As an example of simple control, imagine your humidity is getting too high, so you install a dehumidifier to keep your humidity from climbing above 80%, you then create a line of code that sets the relay to “on” whenever the humidity gets higher than 80% and shuts it down whenever it drops below 75%. That way your crop’s humidity increases to 80%, the dehumidifier kicks in, and then it shuts down when it reaches 75%. This allows the setup to climb back up for some time, avoiding the continuous triggering of your appliance.
Data Logging
After you’re comfortable with both monitoring setups and simple control, the next step is data logging. Up to this point, none of your setups have done any data logging. By its very nature, an Arduino is not built to log any data, so this will require interactions with computers. My favorite way to do this is to set up a MyCodo server on a Raspberry Pi, then transmit data to it using the MQTT protocol. Since your Arduino Wifi v2 can connect to your Wifi network, you will be able to transmit data to your MyCodo using this configuration.
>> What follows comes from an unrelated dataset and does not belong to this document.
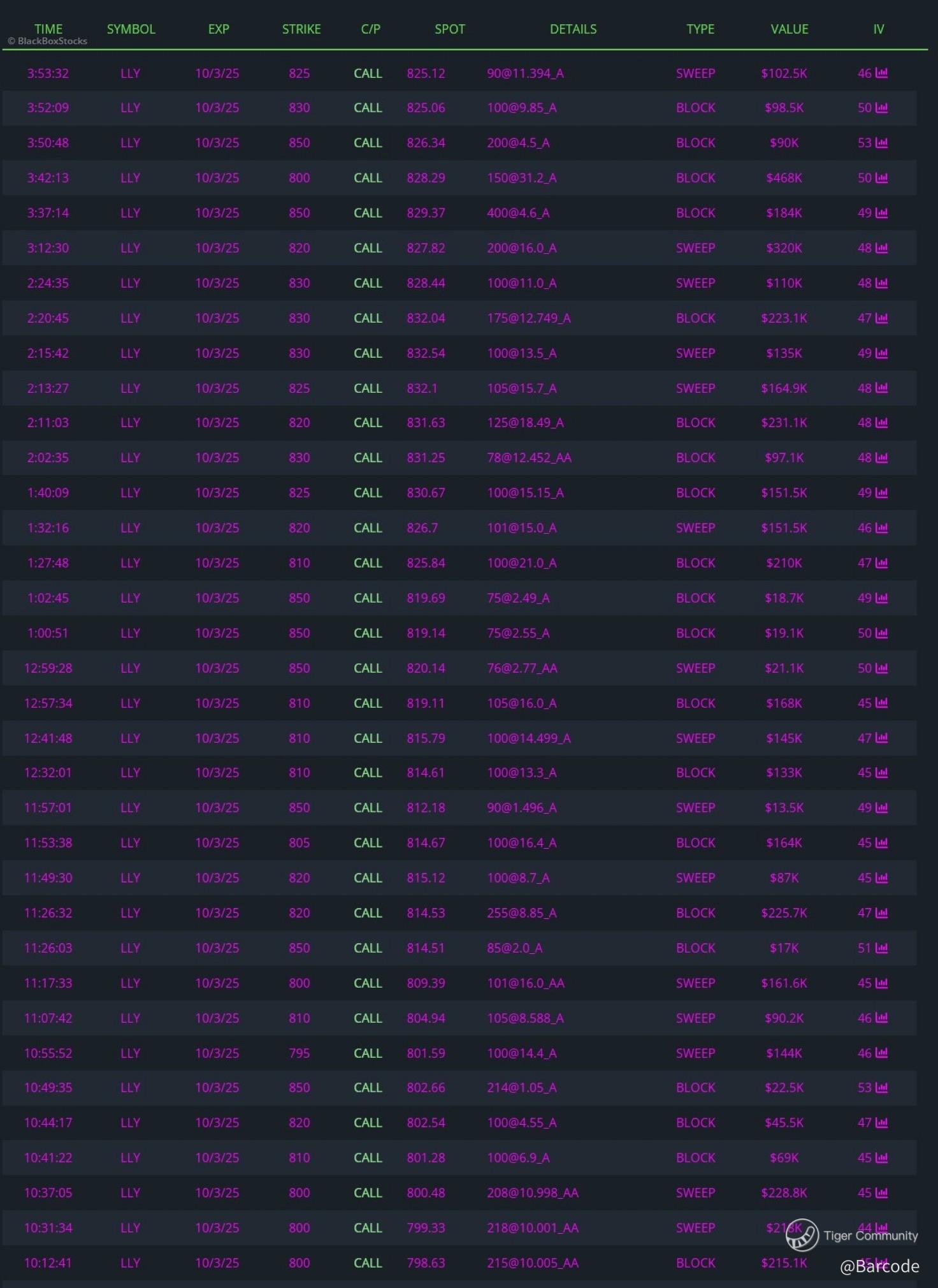 πŸ“ˆI’ve been watching those 800–850 call blocks closely. The size and IV structure suggest real conviction. Pair that with tariff easing and first-line GLP-1 recommendations in Europe and $LLY’s breakout doesn’t look like a short-term pop at all.

I have previously written posts about MyCodo, as well as how to build a pH/EC wireless sensing station that transmits data to a MyCodo server. This allows me to log data continuously and monitor it without having to go into my hydroponic crop. Since the server is centralized, it also allows you to monitor multiple sensing stations simultaneously. I use my MyCodo server to monitor both my hydroponic crops and Arduino sensing stations that monitor how much food my cats eat.
More complex control
After you have connected your Arduino to a MyCodo server, you have access to much more complicated control, through the Raspberry Pi computer. You can then implement control algorithms in the MyCodo, then communicate with your Arduino, and trigger actions using MQTT messages. This means that you no longer need to code the control logic into your Arduino but you can do all the control in the raspberry Pi and just communicate the decisions made to the Arduino Wifi Rev2.
More complicated algorithms includes the use of proper PID algorithms for the control of humidity, temperature, pH and EC. It also includes the implementation of reinforcement learning algorithms and other advanced control methods that the Raspberry Pi can have the capacity to run.
Conclusion
Arduino in hydroponics does not need to be complex. Your first project can be a simple temperature/humidity monitoring setup and you can evolve to more complicated projects as your understanding and proficiency grow. If you select a powerful and feature-rich Arduino from the start, you can use the same controller through all your different projects. If you select shields that can make your life easier – such as the LCD12864 shield – and use a plug-and-play sensor interface, you can concentrate on building your setup and your code, rather than on soldering, getting connections right, and dealing with messy protoboard setups.
The road from a simple monitoring station to a fully fledged automated hydroponic setup is a long one, but you can walk it in small steps.